*** The data Section Begins ***

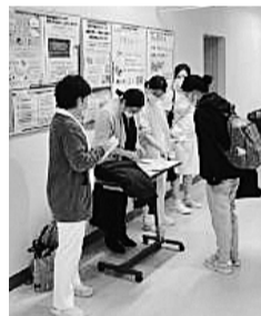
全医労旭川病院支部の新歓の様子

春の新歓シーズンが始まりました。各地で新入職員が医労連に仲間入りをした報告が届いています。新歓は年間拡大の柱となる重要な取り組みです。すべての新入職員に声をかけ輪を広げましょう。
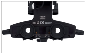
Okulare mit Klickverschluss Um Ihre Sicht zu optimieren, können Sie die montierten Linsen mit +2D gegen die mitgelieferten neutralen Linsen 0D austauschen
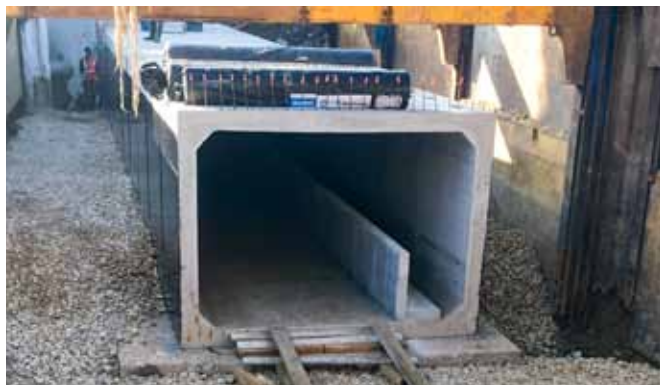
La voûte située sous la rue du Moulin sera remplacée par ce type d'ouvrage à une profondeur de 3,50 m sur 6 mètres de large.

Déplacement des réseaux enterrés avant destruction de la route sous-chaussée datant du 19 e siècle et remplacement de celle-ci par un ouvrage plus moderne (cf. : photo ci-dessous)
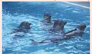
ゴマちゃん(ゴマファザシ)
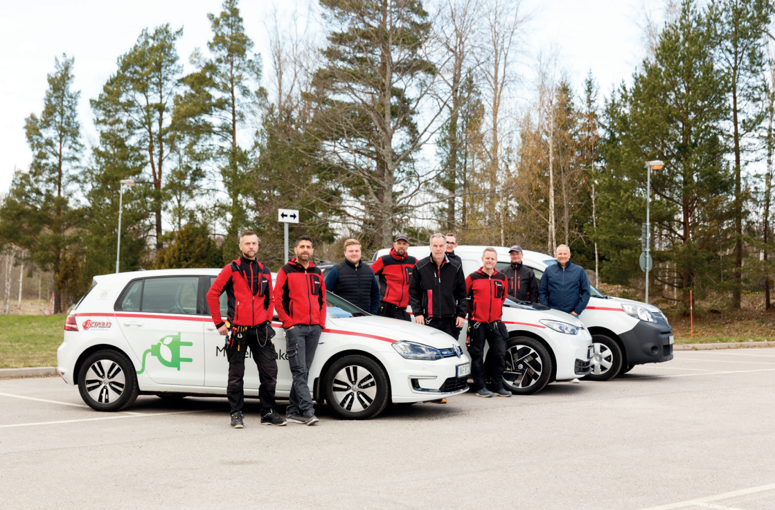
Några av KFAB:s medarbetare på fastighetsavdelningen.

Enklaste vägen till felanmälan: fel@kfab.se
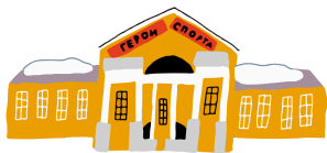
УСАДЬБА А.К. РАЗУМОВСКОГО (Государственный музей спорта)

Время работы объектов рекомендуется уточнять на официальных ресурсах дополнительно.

*** The data Section Ends ***

(What to work on) This exercise asks for an exact copy of the lines from the first one in the data through the line that contains "La voûte située", pictures excluded.

(Output of the task)
全医労旭川病院支部の新歓の様子

春の新歓シーズンが始まりました。各地で新入職員が医労連に仲間入りをした報告が届いています。新歓は年間拡大の柱となる重要な取り組みです。すべての新入職員に声をかけ輪を広げましょう。
Okulare mit Klickverschluss Um Ihre Sicht zu optimieren, können Sie die montierten Linsen mit +2D gegen die mitgelieferten neutralen Linsen 0D austauschen
La voûte située sous la rue du Moulin sera remplacée par ce type d'ouvrage à une profondeur de 3,50 m sur 6 mètres de large.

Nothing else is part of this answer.